Вскоре отец и сын разговорились. Фредди не утратил прежней joie de vivre[138] и принялся с юмором рассказывать о своей жизни, время от времени перемежая речь двусмысленными шуточками. Однако Леннону пора было уезжать на Би-би-си. На следующий день он с большим воодушевлением рассказал о Фредди Питу Шоттону. «Я рад, что встретился с ним! — заявил Джон. — Он очень забавный. Такой же чокнутый, как и я!»
Яблоко от яблони. Эта идея, поселившаяся в голове у Джона, стала положительным полюсом далеко не однозначного отношения к вновь обретенному отцу. И тем не менее отрицательный полюс оказался сильнее. Вероятно, именно поэтому он не стремился вновь увидеться с отцом после той первой встречи. Время от времени Джон посылал ему немного денег. Но главное, его чувства продолжали пребывать в сильном беспорядке, поскольку даже в письмах он не знал, как обратиться к отцу, и поэтому начинал их так: «Дорогой Альф, Фред, папа, отче, отец, кто бы ты ни был».

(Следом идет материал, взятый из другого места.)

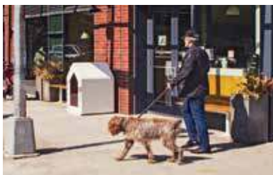
Dog friendly cities.

For dog owners, Dog Parker offered the convenience of a leash hook without danger to the animal and the ability to take dogs with them without neglecting dogs' needs. Cities accommodated their dog owning residents by providing a safe and innovative way for them to enjoy their community with their dog. For local business owners, Dog Parker offered a liability-free way to accommodate customers who are joined by their dogs, a powerful differentiation from competitors, and a draw for customers to patronize brick and mortar retail instead using online shopping services.

Год спустя Фредди, который работал теперь в гостинице недалеко от Эшера и зарабатывал 10 фунтов в неделю плюс бесплатное проживание и питание, заявил одному из журналистов: «На жизнь я не жалуюсь. Просто хотелось бы, чтобы со мной считались... Я очень хотел бы познакомиться с невесткой и малышом. Было бы неплохо еще раз увидеться с Джоном и объяснить ему кое-что». Этот призыв вызвал бурную реакцию Джона, который решил, что отец «шантажирует» его при помощи прессы.
В это же самое время некий энергичный агент компании «Гордон Миллз Организейшн» (которая была менеджером Тома Джонса, Энгельберта Хампердинка и многих других артистов) по имени Тони Картрайт убедил Фредди Леннона подписать с ними контракт и выпустить пластинку. Записав на диск приукрашенную историю, озаглавленную «Это моя жизнь», Фредди осуществил свою давнюю мечту, на которую Джон отреагировал с присущей ему двойственностью. Втайне заслушиваясь этим рассказом у себя дома в Кенвуде, он одновременно строил вместе с Брайеном планы, нацеленные на то, чтобы навсегда убрать с английского и американского рынков «неуместное» использование имени Леннон.
Такое поведение оскорбило Фредди Леннона, чей темперамент и острый язык были отнюдь не слабее, чем у сына. Как-то февральским днем 1966 года Джон открыл дверь своего дома и буквально столкнулся с отцом, которого на этот раз сопровождал Тони Картрайт. Джон, который терпеть не мог агента из «Гордон Миллз», захлопнул дверь у них перед носом, а через несколько недель сурово обрушился на отца в очередном интервью. Тогда в дело вмешался младший брат Фредди, Чарльз. Он написал Джону длинное письмо, в котором потребовал перестать слепо доверять вранью Мими и выслушать правду о своем детстве. Он рассказал ему все: историю неверности Джулии, незаконнорожденной сестры, трагедии, разыгравшейся в Блэкпуле. Джон не ответил, но в глубдне души он понимал, что это правда.